Der offizielle Umgang mit dem Tod zweier Dänen und eines Arztes aus Miami in der vergangenen Woche nach ihren COVID-Impfungen zeigt die klaffenden Lücken im Überwachungssystem der Regierung zur Erkennung von Impfstoffreaktionen nach der Markteinführung.

Diese Vorfälle deuten darauf hin, dass es unwahrscheinlich ist, dass die Gesundheitsbehörden der Öffentlichkeit authentische Risikoprofile für die im Notfall zu verwendenden COVID-Impfstoffe geben werden.

Präzise Risikoprofile ermöglichen es den Aufsichtsbehörden festzustellen, ob ein medizinischer Eingriff mehr Schaden als Nutzen anrichtet, und den Verbrauchern, rationale Entscheidungen über ihre eigene Nutzung eines Produkts zu treffen.

Die Behörden entwickeln normalerweise Risikobewertungen während präklinischer Studien, indem sie die gesundheitlichen Ergebnisse bei Personen, die die Intervention erhalten, mit einer Placebogruppe vergleichen. Solche Studien müssen groß genug sein, um seltene Schäden zu entdecken, und von ausreichender Dauer, um Erkrankungen mit langen Diagnosehorizonten zu erkennen.

Das Vorhandensein der Placebogruppe macht es schwierig, Schäden zu verbergen oder falsch zuzuordnen. Umgekehrt macht das Fehlen einer Placebogruppe in Überwachungssystemen nach Impfungen es eigennützigen Pharma- und Zulassungsbehörden leicht, Schäden zu unterbewerten, indem sie sie dem Zufall zuschreiben.

Der Zufall erweist sich für die Empfänger der COVID-Impfung als ziemlich tödlich.

Tod durch Zufall

Kurz nach Bekanntwerden der dänischen Todesfälle und noch vor einer Autopsie erklärte Tanja Eriksen, stellvertretende Leiterin der dänischen Pharmakovigilanz-Einheit, gegenüber der dänischen Zeitung EkstaBladet, dass die dänische Arzneimittelbehörde festgestellt habe, dass die beiden dänischen Staatsbürger, die nach ihrer Impfung starben, wahrscheinlich durch Zufall starben.

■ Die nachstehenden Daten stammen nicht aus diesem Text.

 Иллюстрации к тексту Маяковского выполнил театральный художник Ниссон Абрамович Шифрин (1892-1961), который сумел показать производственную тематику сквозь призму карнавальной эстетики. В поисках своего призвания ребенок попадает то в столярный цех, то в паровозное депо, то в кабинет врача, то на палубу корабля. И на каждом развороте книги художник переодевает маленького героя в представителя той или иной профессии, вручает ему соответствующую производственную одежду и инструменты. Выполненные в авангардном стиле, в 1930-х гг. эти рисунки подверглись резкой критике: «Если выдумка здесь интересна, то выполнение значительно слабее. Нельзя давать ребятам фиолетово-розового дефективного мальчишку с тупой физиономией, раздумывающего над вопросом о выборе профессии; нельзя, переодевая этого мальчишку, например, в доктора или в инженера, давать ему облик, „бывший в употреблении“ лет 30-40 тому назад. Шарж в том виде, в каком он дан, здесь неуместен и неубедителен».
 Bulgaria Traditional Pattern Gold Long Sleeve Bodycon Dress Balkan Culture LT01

Einer der Verstorbenen war ein Bürger, der eine “schwere Lungenerkrankung” hatte. Das Vorhandensein der Komorbidität legte daher nahe, dass der Tod zufällig war. Der zweite Bürger erhielt den Impfstoff in einem “sehr hohen Alter” und ist daher ebenfalls durch Zufall verstorben.

“Wenn in geschwächten Gruppen geimpft wird, muss man damit rechnen, dass es Todesfälle gibt”, erklärte Eriksen und wandte damit eine Logik an, die von Gesundheitsbehörden nur selten auf Todesfälle durch das COVID-19-Virus angewandt wurde. “Dies geschieht unabhängig davon, ob sie geimpft werden oder nicht.”

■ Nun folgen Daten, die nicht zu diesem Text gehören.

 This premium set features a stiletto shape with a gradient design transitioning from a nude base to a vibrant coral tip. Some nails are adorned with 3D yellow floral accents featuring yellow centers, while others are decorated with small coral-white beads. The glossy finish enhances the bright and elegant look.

Diese einfachen Erklärungen – dass Todesfälle und Schäden nach einer Impfung zusammenhanglose Zufälle sind – werden zu einem gängigen Muster.

Am 20. Dezember 2020 berichtete World Today News über den Tod eines 85-jährigen Mannes in Kalmar, Schweden, nur einen Tag, nachdem er den Impfstoff erhalten hatte. Dr. Mattias Alvunger vom Kalmar Krankenhaus wies die Sorge zurück, dass der Tod mit dem Impfstoff zusammenhängen könnte und bezeichnete den Umstand, dass er der schwedischen Arzneimittelbehörde gemeldet wurde, als “Routine”.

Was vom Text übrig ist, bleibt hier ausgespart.